There are times during the brisk hour and a half where the drama is engaging; where the excitement can be felt, but the moment it to compel, the film slips up; shows a situation for which we have not been suitably versed and are therefore not invested. It also feels incomplete – some of the best moments, like the moment the crew hear from their families in taped messages – we don’t get to see something for everyone. That was the last moment for us to truly get into these young sailors before they take off on their ten day journey. A missed opportunity.

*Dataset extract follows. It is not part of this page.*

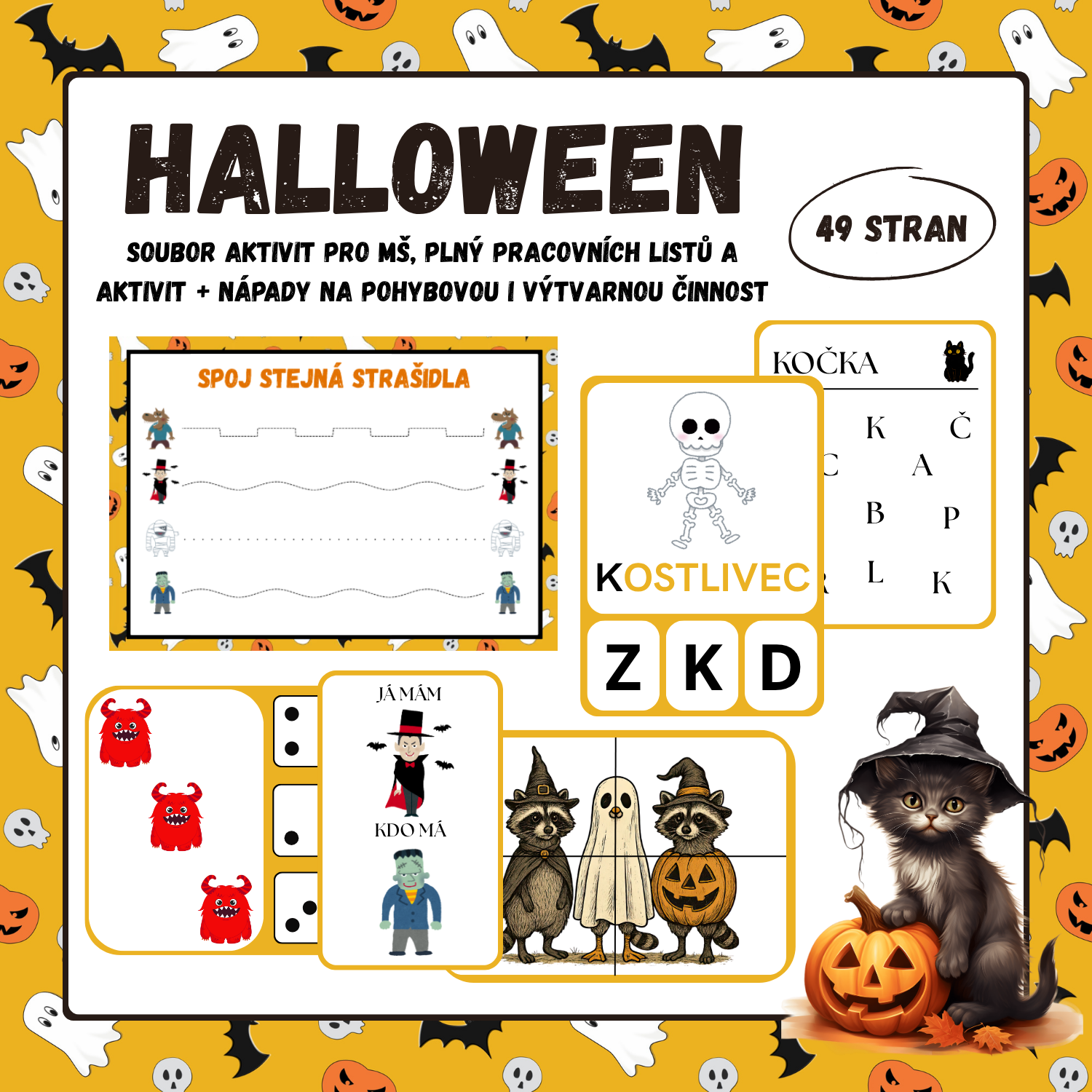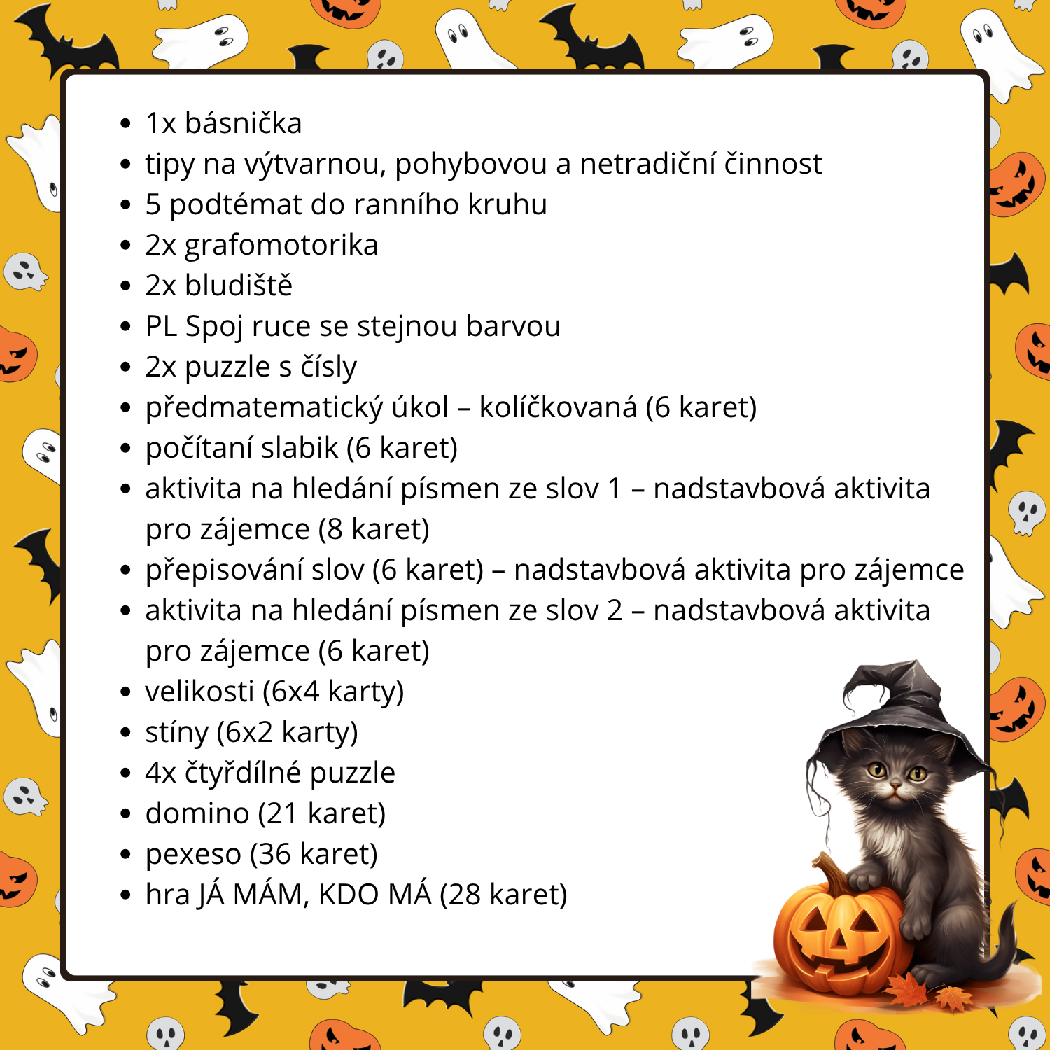 Materiál je zaměřen na téma halloween. Toto téma je dětem přiblíženo zejména pomocí pracovních listů a aktivit. Též v materiálu najdete nápady na výtvarnou či pohybovou činnost, podtémata do ranních kruhů a postřehovou pohádku.

None of the elegance of great documentaries is here. The whole affair is infected with an MTV-mentality, though thankfully it doesn’t stoop to that disappointing cable stations grotesque habit of exploiting the worst of young people. And the more I think of it, the idea of using each of the sailor’s voice-over of their journals as the through narration hurt the cohesion and clarity of the story. While Patrick Warburton opens the film up, not having him provide that outside voyeurs insight and input is a detractor for this effort.
Shot in HD (transferred to 35MM for its theatrical release), Morning Light is presented on DVD in its original theatrical ratio of 1.85:1 and enhanced for widescreen televisions. The quality here is very good, with some vivid colors when the source itself is unobstructed by foul weather or shots through glass. The waters of the Hawaiian Islands are deep blue, the skies crisp and clear and overall, the image is free of issues. A very good looking DVD.
The most impressive moments of this Dolby Digital 5.1 come from the crashing waves against the hull of the ‘Morning Light’ boat that rock the bass. Sound in the center channel of the crews individual narration and Warburton’s voice (which I associate more closely with his easily enraged Family Guy character) is issue free. The lackluster songs used to keep up the energy sound just fine in the center channel and across the fronts as well. There is some surround activity that brings you into it also.
Stories From the Sea with Host Jason Earles – (28:29) – Jason Earles (of Hanna Montana fame hosts a bit of a behind the scenes featurette. With interviews from team members Roy Disney, who executively produced this film, we get a better sense of the crews preparation (medical aid, mechanical training) than was presented in the film itself. Thus, this is a necessary companion pieced to the main feature to even out the narrative. Some of the information here, if included in the main feature, would have slowed it down – but it would have made it all much more meaningful.
Morning Light: Making the Cut – As Aired on ESPN – (41:54) – This is the ESPN special the presents the backstory and try outs to become a part of the ‘Morning Light’ sailing crew. Another good companion piece to the main feature.
Dylan & Cole Sprouse: Blu-Ray is Suite – (00:00) – *NOTE – This special feature is missing from this disc.
Sneak Peaks - Trailers for Hanna Montana: The Movie, Race to Witch Mountain, Snow White and the Seven Dwarfs, Earth, Disney Blu-Ray, Disney Movie Rewards
Morning Light comes over just a little too over-produced to allow us to get a good sense of the adventure. It is too often presented like a fictional feature; even in how the credits accompany the opening moments of the film seem more in line with fictional dramatic works than a documentary. This coupled with the poorly constructed narrative (which, admittedly, is clearer now that a whole day has passed since I watched it) and the lack of the right narrator guiding us through hurt what could have been something special.